Last Wednesday’s briefing with project leaders from Bus Open Data Service was only inches short of a car crash. We have covered this here and here.

In my conversations with CPT members and staff, I am aware that, although the CPT was caught out by the sudden inclusion of registered home-to-school services in BODS – which drags coach operators into very useful scheme for bus services – it has for some weeks been explaining the problems this creates.

For that reason, it is inexplicable that Ben and Lisa, representing the scheme, seemed surprised at the nature of the objections. Let me be clear; I do not think the blame for the chaotic nature of the on-line event falls to them. The DfT has plenty of staff who understand road transport law, for whom all of the operators’ objections would have made sense. For some reason, nobody at the DfT thought to brief Ben and Lisa on the likely criticisms they would face and how to defend them.

In the guidance document in October of last year it said: ‘Services that are out of scope of legal requirements for data publication include those operating under Section 19 or Section 22 permits, coach services, tour services, dedicated school services and heritage vehicles.’

Make no mistake, the DfT had specifically exempted home-to-school services from BODS. In the guidance document in October of last year it said: ‘Services that are out of scope of legal requirements for data publication include those operating under Section 19 or Section 22 permits, coach services, tour services, dedicated school services and heritage vehicles.’

The duties of BODS are quite onerous, involving providing accurate geodata for stops, timetabling, fare structure and, in January, real-time vehicle location. This is expensive and time-consuming, and serves no purpose at all in the context of school buses, since the public for whom this data is intended cannot travel on them. Furthermore, providing the precise details, to the minute, of when a small child is dropped off in winter darkness on a rural road is dangerous, and schools should be told this is what the DfT is proposing to do.
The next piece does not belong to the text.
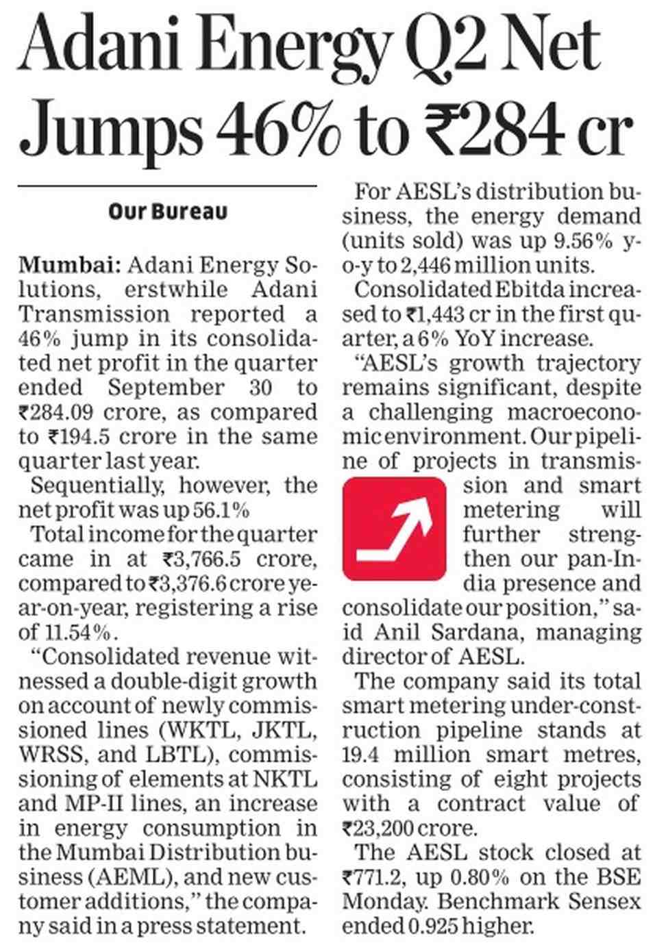 Adani Energy Q2 Net Jumps 46% to Rs 84 crNov 07, 2023 | The Economic Times

BODS could be applied to only those services which are eligible for BSOG, but there is no social reason why home-to-school services should be registered with the Traffic Area Office; the legislation is hung up on the point that fares are taken but as the intention of Section 6 is to monitor provision of regular bus services, this is irrelevant in the context of H2S. If the DfT rushes through a change to remove the need for school service registration (and other contracted, closed-door services) it can resolve this quickly.

At the same time, BODS can include registered services run under Section 22 Community Bus Permits, as these definitely do need to be in scope.